Sedangkan budaya-budaya Barat lebih cenderung menggunakan konsep-konsep. Makanya tak heran bagi sebagian besar masyarakat kita, orang yang sukses dan hebat itu diidentikkan dengan berpenampilan “mentereng”, kedaraan mengkilap dan tinggal di rumah mewah. Namun secara konsep apakah iya?. Bagaimana kalau semua itu didapatkan dengan keculasan, kelicikan dan menghalalkan segala cara?. Ditambah lagi peribahasa-peribahasa yang seakan telah begitu mengakar dalam budaya kita. “Diam itu emas”, “tong kosong nyaring bunyinya”, “air beriak tanda tak dalam” atau “Samdo Pandito ratu” yang menggiring lebih dihargainya bahasa nonverbal dibanding kecakapan bahasa lisan dalam komunikasi. Oleh antropolog Edward T. Hall disebut sebagai high context culture. Dimana kemudian budaya ini dipertahankan sebagai bagaian dari budaya “adiluhung” bangsa, yang sebenarnya jika ditelusuri berasal dari budaya feodalisme masa lalu.

Kalaulah kita mau melihat secara objektif, tentu saja budaya-budaya seperti ini sebenarnya tidak sesuai dengan tuntutan demokrasi modern. Dimana lebih banyak menuntut pentingnya argumentasi, dialog, hingga perdebatan. Demokrasi pada dasarnya sangat menghargai pentingnya bahasa verbal sarat informasi dan pengetahuan.

Akibatnya, jika kondisi ini tetap berlangsung, maka dikrepansi antara semangat demokrasi dan kompetensi demokrasi akan semakin terpisah. Disisi lain masyarakat menerapkan dan memahami demokrasi hanya dari sisi semangatnya, tanpa pemahaman yang memadai mengapa mereka betindak demikian. Sepertihalnya gejala yang muncul saat ini, demokrasi hanya diterjemahkan sebagai kebebasan dalam mengemukakan tuntutan. Dimana terkadang tuntutan itu sendiri merupakan “harga mati” tanpa bisa dikompromikan. Ukuran kualitatifnya lebih kepada banyaknya pendukung dari tuntutan itu, bukan rasional atau tidaknya tuntutan tersebut.

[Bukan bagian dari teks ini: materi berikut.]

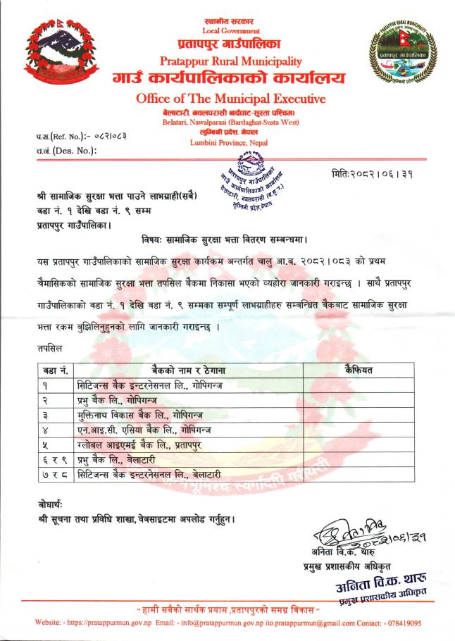 सामाजिक सुरक्षा भत्ता वितरण सम्बन्धमा ।
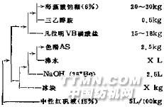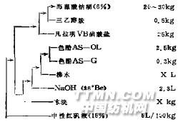 二、操作方法1.將稱好的凡拉明vB藍鹽倒入一桶內,加水進行自然浸泡一晝夜, 不用攪拌, 第二天再加入稱好的麻素及少量水, 進行攪拌, 使其充分溶解。2.將稱好的亞硫馥鋪倒入另一桶內,如水充分攪拌溶解。3.將溶解好的亞硫酸鈉溶液濾入裝有快速攪拌機的大桶內, 加冰塊玲卻至5℃ 以下,開動攪拌機, 在快速拌攪下將溶解好的凡拉明VB 藍鹽液徐徐加入,越慢越好, 一般6O分鐘椰完。繼續攪拌2小時, 使其充分磺化。在攪拌過程中, 磺化反應保持在5℃ 以下,但不低于零下2℃ , 然后取出濾水, 濾水時問不得少于24小時, 濾干備用。三、快磺素黑 、藍、棕印花處方1. 快磺素黑處方:
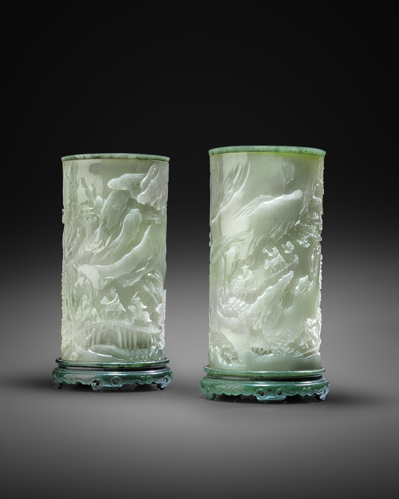 The tall cylindrical bodies carved in pale celadon jade with mountainous landscapes, the continuous scenes depicting figures engaged in various activities, including travellers on horseback crossing bridges and woodcutters returning from the forest, with thatched pavilions and temples dispersed through the rocky setting, with far-off peaks emerging from swirls of mist in the distance, the rims applied with spinach-green jade, each together with a spinach-green jade stand carved with five feet shaped as ruyi-heads, the stands pierced with floral medallions, 14cm. (4)
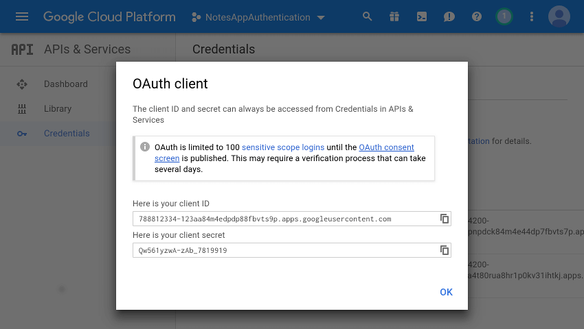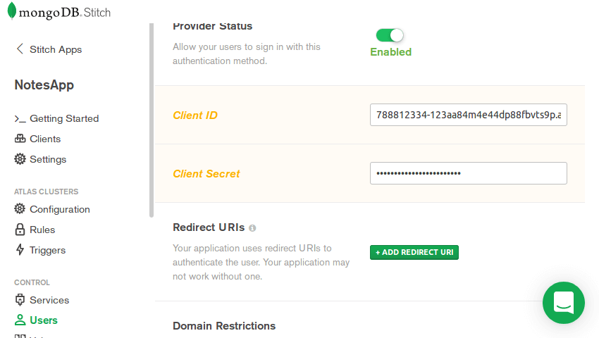 Now, when you click the Create button, you will see two strings – a client ID and a client secret. Note down both and navigate to Stitch admin console as shown in the screenshot below.
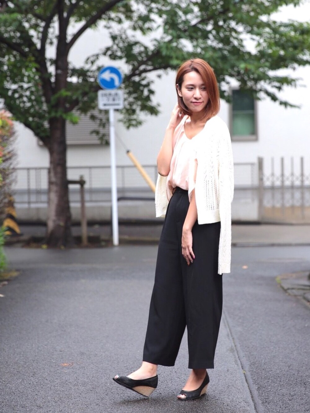 こんにちは😃 見てくださってありがとうございます♡ OLっぽい感じ。 ピンクのシフォントップスにワイドパンツで綺麗めに。 ざっくりした網目のカーディガンは羽織るぐらいが可愛くて好き💓
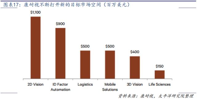 以全球機(jī)器視覺龍頭康耐視為例,基于在條形碼掃描、3D機(jī)器視覺以及AI和深度學(xué)習(xí)等方面的技術(shù)進(jìn)步,其近年來在物流、生物科學(xué)等領(lǐng)域的收入快速增長,2018年康耐視將自己的目標(biāo)市場空間從29億美元上調(diào)到了35.5億美元,且未來還有進(jìn)一步上調(diào)的潛力。
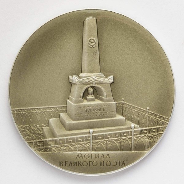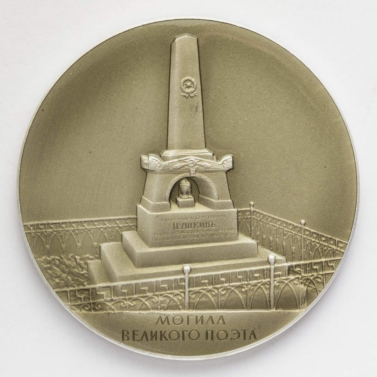 Медаль в честь А. С. Пушкина с изображением могилы поэта
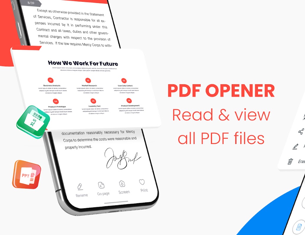 This all-in-one file viewer works smoothly with Office files and enables you to quickly process documents in any format, including PDF, DOC, DOCX, XLS, XLXS, PPT, TXT, and others. It can automatically search through the files on your phone and group them into the correct folders so that you can easily find and work with them. You can access Office, read PDFs, and read all documents. You can open any file or see any document on your mobile device with the aid of the all document viewer software.
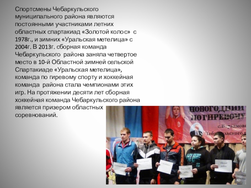 колос» с 1978г., и зимних «Уральская метелица» с 2004г. В 2013г. сборная команда Чебаркульского района заняла четвертое место в 10-й Областной зимней сельской Спартакиаде «Уральская метелица», команда по гиревому спорту и хоккейная команда района стала чемпионами этих игр. На протяжении десяти лет сборная хоккейная команда Чебаркульского района является призером областных соревнований.
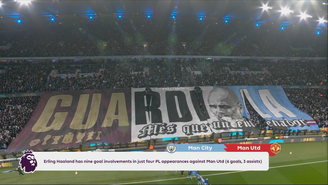 12月16日訊 本輪英超曼市德比焦點(diǎn)戰(zhàn),曼城主場(chǎng)對(duì)陣曼聯(lián)的比賽正在進(jìn)行。賽前,曼城主場(chǎng)球迷打出了巨幅TIFO,致敬功勛教練瓜迪奧拉。

Memang partisipasi masyarakat tampak tinggi, namun jika dikaitkan dengan konsep aktivist rasionality yang menjadi indikator demokrasi seperti dikemuka Almon dan Clomen belumlah memenuhi. Dimana, banyaknya bagaian dari masyarakat yang aktif memepengaruhi pengambilan keputusan governmental affairs, lebih didasarkan pada informasi dan pengetahuan yang cukup. Yang terjadi sekarang acapkali sebaliknya. Sehingga yang muncul malah bisa disebut activist irrasionality.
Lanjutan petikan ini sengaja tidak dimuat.